Abortions, and debates about abortion, have existed for as long as human pregnancies have existed. This is not new territory. Yet we find ourselves continually treading the same ground.
So-called pro-lifers have been vocal since this whole Planned Parenthood video nonsense started. Even though the videos have been disallowed as evidence in court due to them having been hacked and slashed like a Jack the Ripper victim. Still, they are touted by conservatives as being the complete truth. This debate has gotten even weirder since Carly Fiorina claimed that there is a video about brain-harvesting of a living infant, like something out of American Horror Story. There is absolutely zero evidence of any such video existing, but that likely won’t change the far-right’s view that a) the video exists and that b) it proves that Planned Parenthood should be defunded. Whatever that means.
We are all sick of seeing these silly, emotional, nonsensical arguments against abortion. We all know the real reason that the right-wingers are against abortions is that abortions take place inside a woman’s body. Abortions that do not take place inside a woman’s body – the thousands of fetuses that are destroyed every week by fertility clinics – are of no concern to these pro-lifers. Conservatives want to crawl inside a woman’s reproductive tract and control it from the inside.
Here are the 4 most common arguments against abortion, and why they are total bullsh!t.
1. How would you like it if you were aborted/if Einstein were aborted/if anyone else were aborted?
The first fallacy here is to appeal to emotion, a completely useless way to discuss anything. Any number of people would feel any number of ways about any given topic: feelings aren’t worth anything in a debate. Secondly, I wouldn’t feel anything if I were aborted– I would be a pile of cells smaller than a finger. If Einstein had been aborted, no one would know about him, obviously. We might be behind where we are now in terms of theoretical physics, and WWII may have ended a different way. Or not – who knows? – the butterfly effect makes arguing about alternative histories completely pointless.
2. We should defund/ban abortions because that will reduce the number of abortions.
This one is tempting because it seems like one of the most earnest and well-meaning arguments against abortion clinics.

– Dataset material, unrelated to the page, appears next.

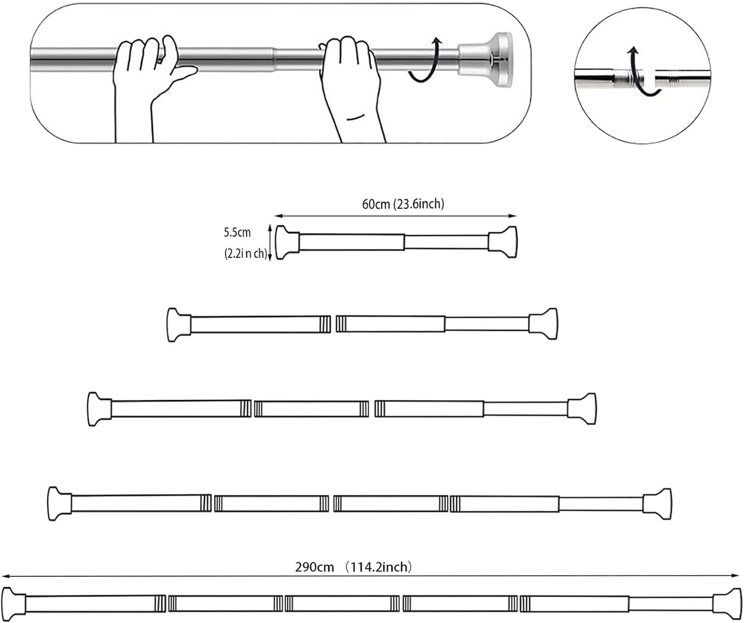 Réglez la longueur entre 70 et 120 cm en un geste. La barre extensible en acier inoxydable s'adapte à toutes les configurations, idéale pour rénovations rapides sans outils.

Don’t want abortions? Shut down the abortion clinics– it’s just common sense! Except that history has shown that women will seek abortions whether they are legal and safe or not. If you are against legal, safe abortions, you are for illegal, unsafe abortions.
We all want to reduce the number of abortions— it is never a positive situation that causes the need for an abortion. It is a woman in trauma, caught in a situation she never wanted to be in. She is terrified and unsure, dealing with pregnancy hormones and possibly lacking a support system. She needs help. That need for help won’t go away if she can’t easily access an abortion– likely she will just keep looking for an abortion, and may turn to dangerous unlicensed practitioners or attempt to end her pregnancy by herself. Recent data shows that states with the most restricted abortion access have had the highest increase in abortion rates.
3. The life of the fetus is “worth” as much as much as the life of the mother.
I have two children. Let’s imagine that one of those children needs a kidney from me, and somehow I am the only match that they can find. She needs a new kidney to live; both of her kidneys are shutting down like she’s a character on House, and she’s pretty much on constant dialysis. They estimate she will die within 24 hours if she does not get my kidney.
Can the hospital force me to give her a kidney? Of course not. That would be ridiculous; a clear violation of my bodily autonomy.
Yeah, says the pro-lifer, but you chose to have sex! You made that choice. You can’t abort it because you chose it!
Doesn’t matter. Even if I had, at some point in the past, given my consent for my kidney to be given, until I am knocked out for the operation I can revoke that consent at any time. No governing body can force a person to donate a part of their body to another person, even if that person is her child. Even if that person will die. My rights over my body supersede any moralistic view that I “should” donate the kidney to my child so she can live. Ironically, the so-called Tea Party “libertarians” would probably be first in line to defend my right to my own body (especially if I was a man)– the same folks who would deny me bodily autonomy if I were pregnant.
4. We should ban abortions, birth control, and promote abstinence-only sex-ed.
What in the actual f#ck, guys? If you are truly anti-abortion, you should promote the things that have been proven to reduce the number of unwanted pregnancies and thereby reduce the number of abortions.
This argument really does not need more explanation than to say that legal, cheap (or free) access to birth control reduces unwanted pregnancies. Accurate, non-judgmental sex education reduces unwanted pregnancies. Period.
The most glaring correlation with abortion rates is class, but that has stark economic implications that the right-wingers don’t want to think about. Because the groups and individuals that oppose birth control and sex ed don’t really want to save the lives of fetuses; they want to control women’s and girls’ bodies and try to keep them repressed and subservient.
Abortion is an unpleasant topic at the best of times. But it is necessary to discuss. When the responsibility and burden for carrying on the species is borne by one sex (the sex that has been dominated and subjugated for almost all of human history), we need to bear that in mind. But we’ve already established that reproduction is not the issue at hand– the control of women’s bodies is the real issue.